Ela abraça cada coisa boa ou má, e segundo esse princípio toda coisa é absolutamente igual. Desde que são seus, todos os filhos são igualmente dignos do amor da ‘mãe’, e seu amor nada tem a ver com a personalidade ou a capacidade dos filhos. [...] 
Ao contrário, o princípio ‘pai’ está baseado na função de “separação”: 
toma e separa cada coisa; divide as coisas em ‘sujeito’ e ‘objeto’, bem e mal, em cima e em baixo, etc. 

Em oposição ao princípio ‘mãe’, de acolhimento igual a todos os filhos, o ‘pai’ faz distinção entre os filhos segundo suas capacidades e personalidades. 
No princípio ‘mãe’, todos os filhos são educados segundo a suposição ‘meus filhos são todos bons
filhos’, enquanto no princípio ‘pai’, os filhos são disciplinados segundo a norma:
‘meus filhos são apenas os que são bons’”
Parece, pois, que, se amae pode em geral referir-se aos pais, o conceito se relaciona sobretudo à mãe, que abraça seus filhos, ama-os incondicionalmente, julga-os todos bons filhos, mesmo se reconhece seus erros. 

É isso que Endo chega a propor como “cristão, japonês e escritor”, depois de ter analisado as oposições entre o catolicismo à ocidental e o catolicismo à japonesa: 
Deus é Jesus-mãe.

Há alguns anos, os pesquisadores do Centro de Psicologia da Religião de Leuven demonstraram que os crentes ocidentais conotavam o Deus do cristianismo de um modo complexo: 
sem dúvida como o pai que ordena e sanciona, mas mais ainda como a mãe que acolhe e protege, sendo seu conceito afetivo de Deus o de um Deus que exerce a função pai/mãe;
Os agnósticos privilegiavam as características maternas; 
os descrentes conotavam Deus tipicamente como um pai severo, que rejeitavam; se lhes fosse perguntado que Deus lhes seria conveniente, indicavam um deus com características inteiramente maternas.

Nos livros de Endo descobrimos uma dinâmica psicocultural diferente e específica: 
o Deus cristão que lhe convém é um Deus materno; 
este não suprime o pecado e a culpa, 
mas cobre-os com a incondicionalidade do amor materno e coloca-os no contexto mais geral da existência do mal, de que a mulher e a natureza são, aos olhos de um oriental, o depositário simbólico, da mesma forma como o são do bem. 

Essa percepção é explícita em Rio Profundo. 
Gastão e Otsu, 
homens, e não mulheres,
são testemunhas dessa dinâmica, como pessoas e seus atos. 

Parece, pois, que para Endo, a maneira japonesa de compreender psicologicamente o catolicismo difere da maneira ocidental europeia, na linha de uma percepção materna particular de Deus, elaborada a partir do conceito de amae. 

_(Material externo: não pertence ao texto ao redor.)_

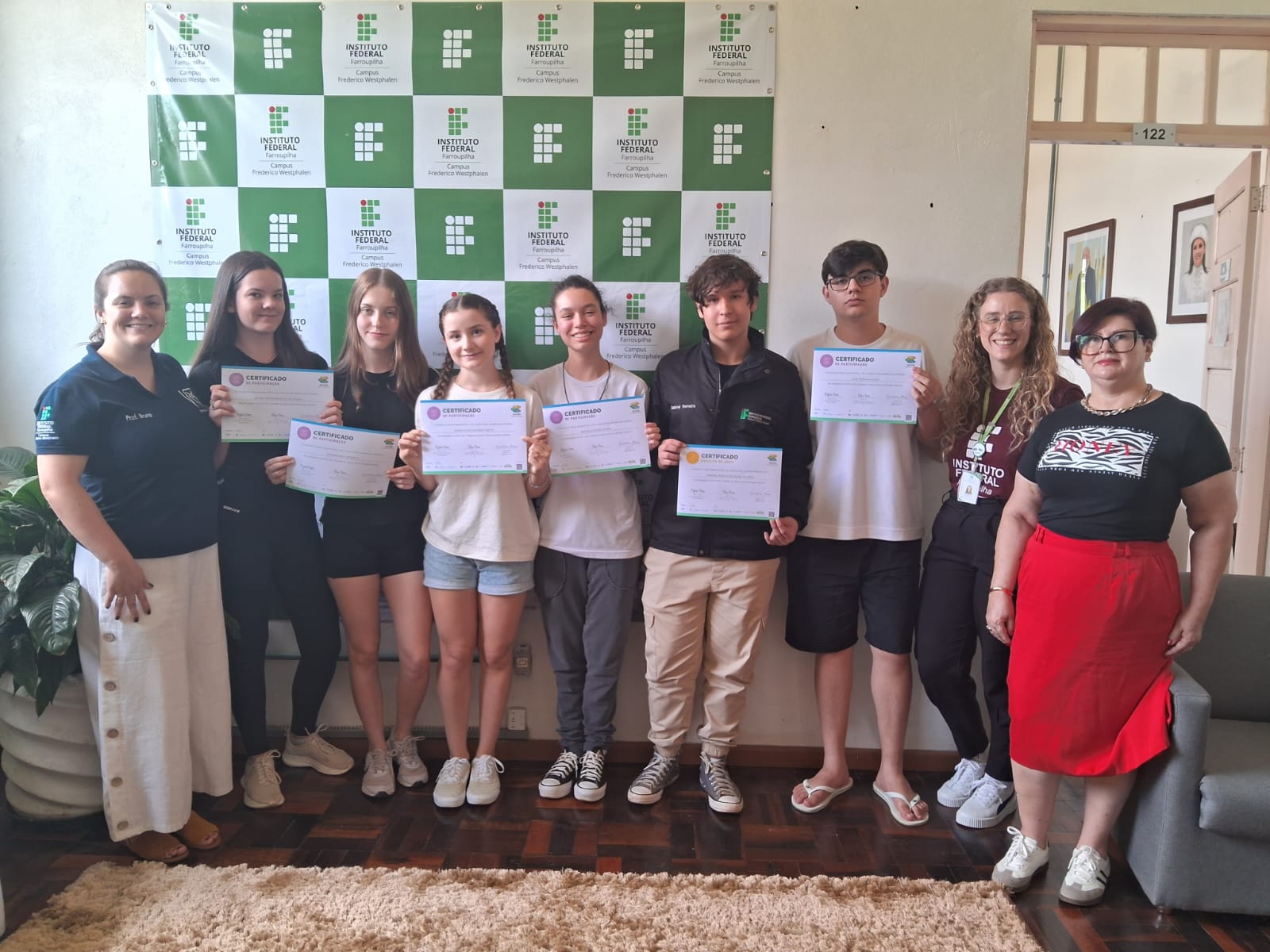 No dia 31 de outubro de 2025, foram divulgados os resultados definitivos da Olimpíada do Tesouro Direto de Educação Financeira (OLITEF), realizada pelo Tesouro Nacional, pelo Tesouro Direto e pela Brasil, Bolsa, Balcão (B³ – a Bolsa de Valores do Brasil), com organização da UpMat Educacional. A Olimpíada que tem como objetivo promover a educação financeira e incentivar hábitos de investimento consciente entre os jovens, vem consolidando-se como uma das principais iniciativas nacionais voltadas ao tema. O Instituto Federal Farroupilha – Campus Frederico Westphalen participa pelo 2º ano consecutivo da Olimpíada e obteve excelente desempenho na competição: dois estudantes conquistaram medalhas e se destacaram entre milhares de participantes de todo o país. No ano de 2026, o campus pretende participar novamente da olimpíada, ampliando a participação com uma preparação ainda mais sólida, através da oferta de projetos voltados aos estudos e à divulgação da OLITEF entre a comunidade acadêmica, ampliando o alcance da educação financeira no ambiente escolar. Na terça, 02 de dezembro de 2024, a diretora geral Silvana Alves Pedrozo e as professoras Bruna Larissa Cecco (responsável pela OLITEF no IFFar-FW) e Denise Espich (coordenadora de projeto Educação Financeira: autonomia e cidadania para jovens) entregaram os Certificados de Participação aos estudantes Cayme Amanda Flach, Misael Samuel Alves, Davi Gervasoni Rentz, Eduardo Silva de Souza, Emily Doring Azevedo, Luís Eduardo Albarello de Jesus, Luiz Fernando Ues, Manuela Peiter Claro, Maria Clara Balbinot Meoti, Mariana May Argenta, Maysa Deliberalli, Milena Franciskievicz de Souza, Stefany Eduarda Sarmento e Ysabelle Vitória Segatto da Silva. Também, receberam os certificados os estudantes Laura de Cristo (medalha de bronze) e Gabriel Renato de Sousa Silveira (medalha de ouro). O Campus Frederico Westphalen parabeniza os estudantes pela participação e evidencia que a conquista dos alunos medalhistas e o engajamento de toda a equipe reforçam o compromisso da instituição com a formação integral, crítica e cidadã, estimulando os estudantes a aplicar o conhecimento de forma responsável e transformadora.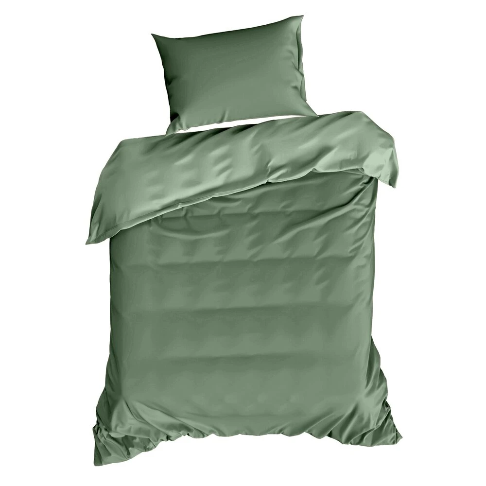 Gładka i lekka pościel z wysokiej jakości tkaniny bawełnianej. Przyjemna w dotyku bielizna pościelowa zapinana na zamek błyskawiczny jest odporna na pranie. szerokość: 140 cm, długość: 200 cm, kolor: szałwiowy, Gramatura: 125 GSM, Skład: satyna, 100% bawełna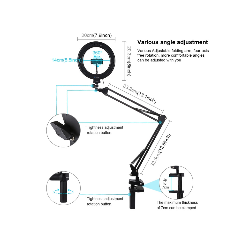 Hledáte dokonalé osvětlení pro vaše vloggingové projekty, líčení nebo produktovou fotografii? Představujeme vám PULUZ 7,9 palce 20cm kruhové LED světlo s ohebným ramenem s úchytem na stůl, které je navrženo tak, aby splnilo všechny vaše potřeby v oblasti osvětlení a přineslo vám profesionální výsledky.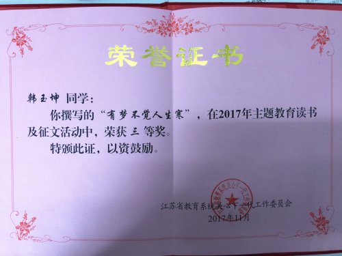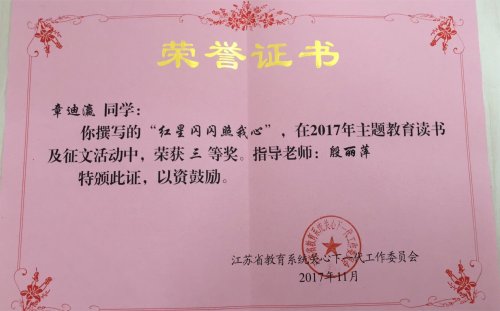 贸易金融学院韩玉坤同学撰写的《有梦不觉人生寒》、师范学院章迪瀛同学撰写的《红星闪闪照我心》在1300多篇征文中脱颖而出,荣获省级三等奖。师范学院陈佳颖同学的作品荣获市级优秀奖。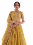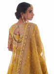 Introducing our stunning ensemble, featuring a Net Kalidar, a Golden Tissue Dupatta, and a Jamawar Lehenga. This ensemble is designed to make you feel like royalty, exuding elegance, and grace. The net Kalidar adds a touch of ethereal beauty with its flowing silhouette. The intricate work of sitara, tilla, resham, mukaish, and gotta enhances the overall design, creating a mesmerizing and luxurious look. Wear this ensemble to weddings, special occasions, or any celebration where you want to make a statement. The blend of net, tissue, and jamawar fabrics, along with the meticulous embellishments, makes this ensemble a true work of art. Embrace the opulence and allure of this stunning set and leave a lasting impression wherever you go.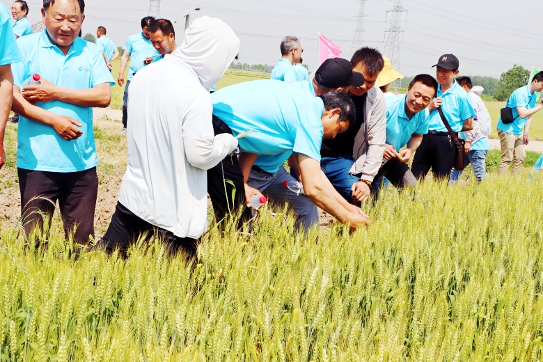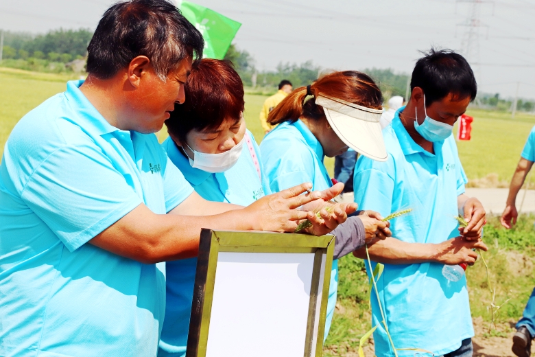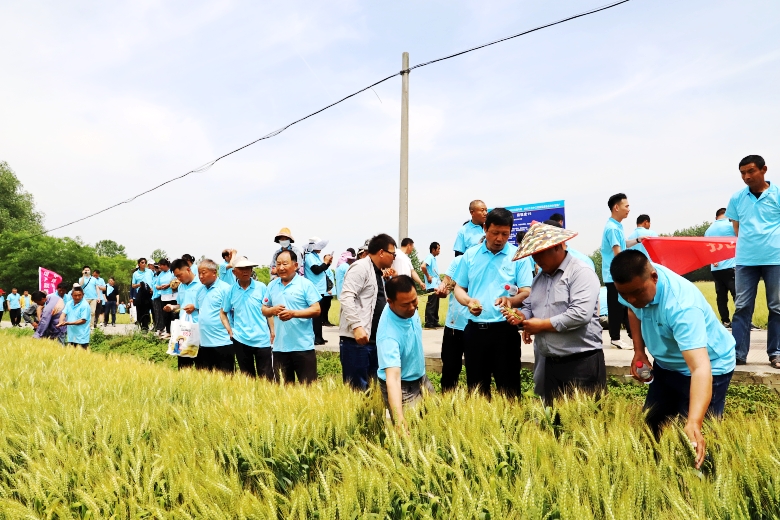上午,參會代表先后觀摩了位于程橋街道金莊基地、大李村的“揚(yáng)輻麥15”、“寧麥資958”千畝示范方,示范方內(nèi),田間長勢旺盛,穗大粒重,顆粒飽滿,得到了與會人員的一致好評。田間觀摩結(jié)束后,各縣市經(jīng)銷商、種植大戶代表紛紛在田間留下了珍貴的合影。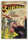 Cover art by Win Mortimer. Superman's Last Job starring Superman and Red Evans, script by Jerry Coleman, art by Al Plastino. Superman's Secret Past, script by Edmond Hamilton, art by Al Plastino; Superman returns to Smallville. The Man Who Caught a Sub text story by Jack Miller. The Titanic Thefts starring Superman and Lex Luthor, script by Bill Finger, pencils by Wayne Boring, inks by Stan Kaye. Superboy stars in a one-page public service announcement, Don't Give Fire a Place to Start. 44 Pages, Full Color. Cover price $0.10.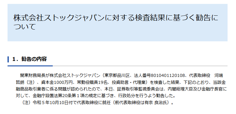 この株式会社ストックジャパンが、金融庁(関東財務局)から行政処分(1ヶ月間の業務停止命令及び業務改善命令)を受けています。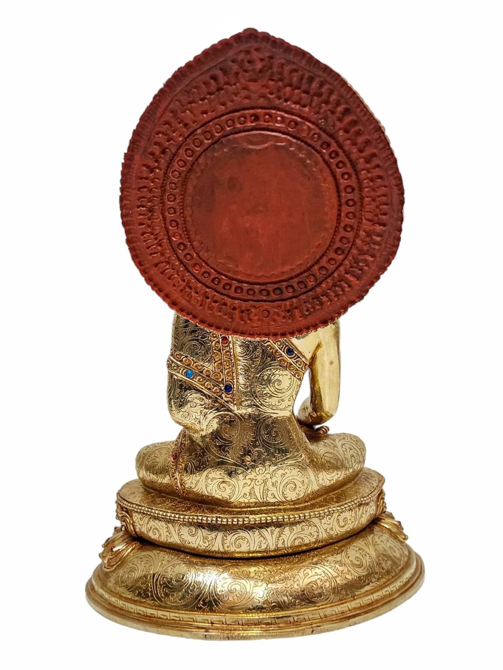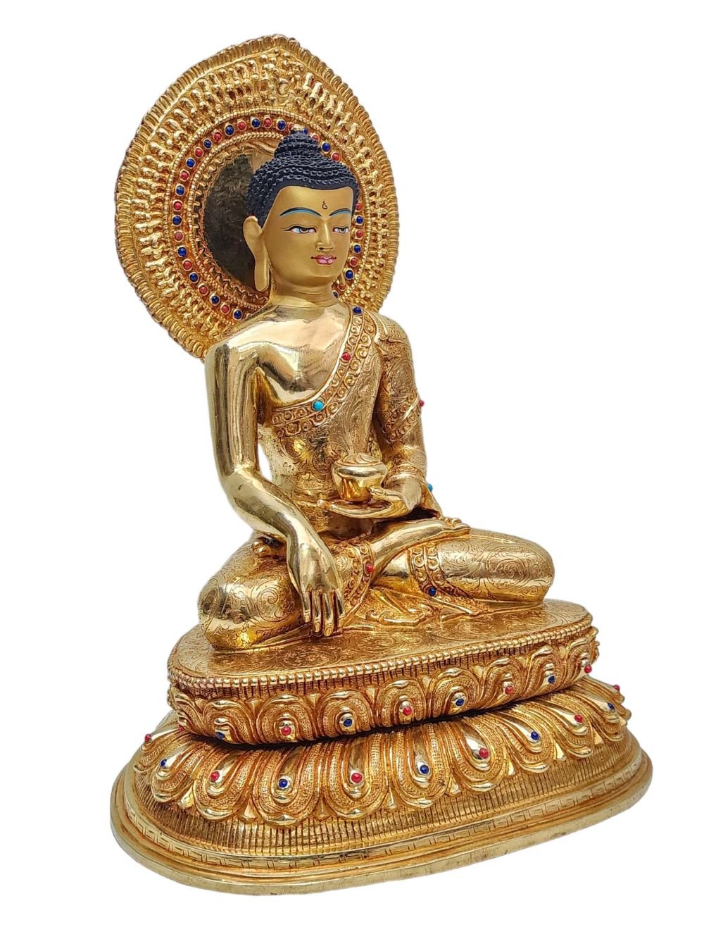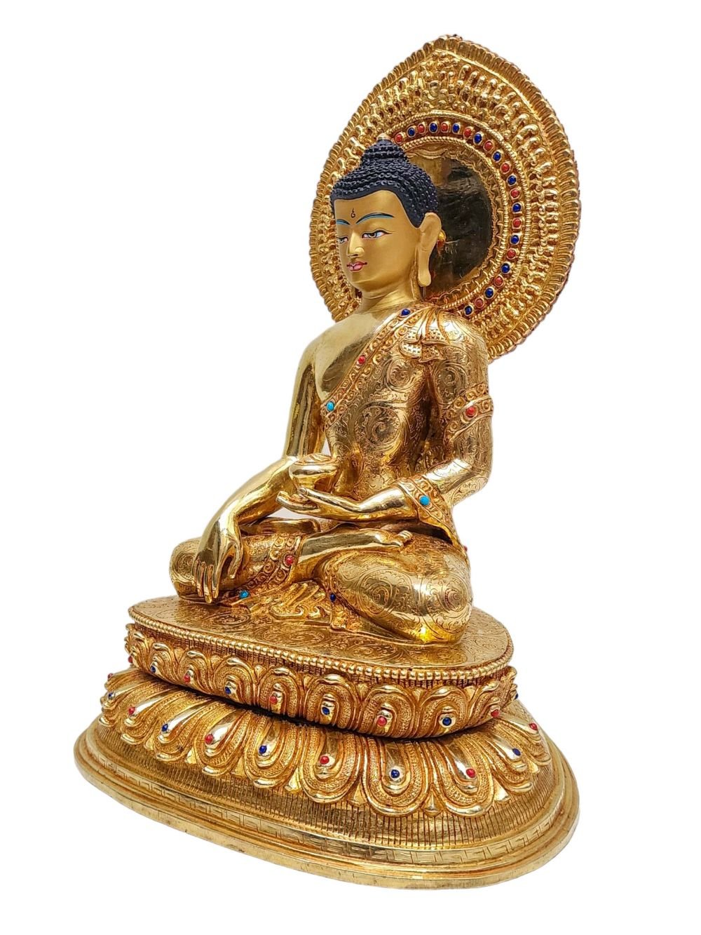 This Shakyamuni Buddha is finished with full gold plating. also known as mercury gold plating or fire gold plating. This traditional technique involves the application of a genuine layer of gold onto the Shakyamuni Buddha. Referred to as mercury gold plating, it is considered the correct and authentic form of gold plating in Nepal. Despite being more expensive than electroplating, this traditional mercury gold plating is gaining popularity again in Nepal. People are drawn to its authenticity, longevity, and the unmatched beauty it brings to the Shakyamuni Buddha. The resurgence of interest in this traditional form of gold plating reflects a growing appreciation for the craftsmanship and cultural heritage of Nepal Read More

Seria necessário, conseguir equilibrar melhor a função simbólica do pai, tão essencial nas
fontes escritas e na experiência vivida do cristianismo, com a função simbólica da mãe. 
Dito de outra forma, 
seria necessário conseguir conciliar, no ser cristão e sobretudo católico, dois tipos de percepção: 
  1. a do afeto materno, e portanto da imanência, e 
  2. a da transcendência, que se ajusta bem com o corte introduzido pela função paterna.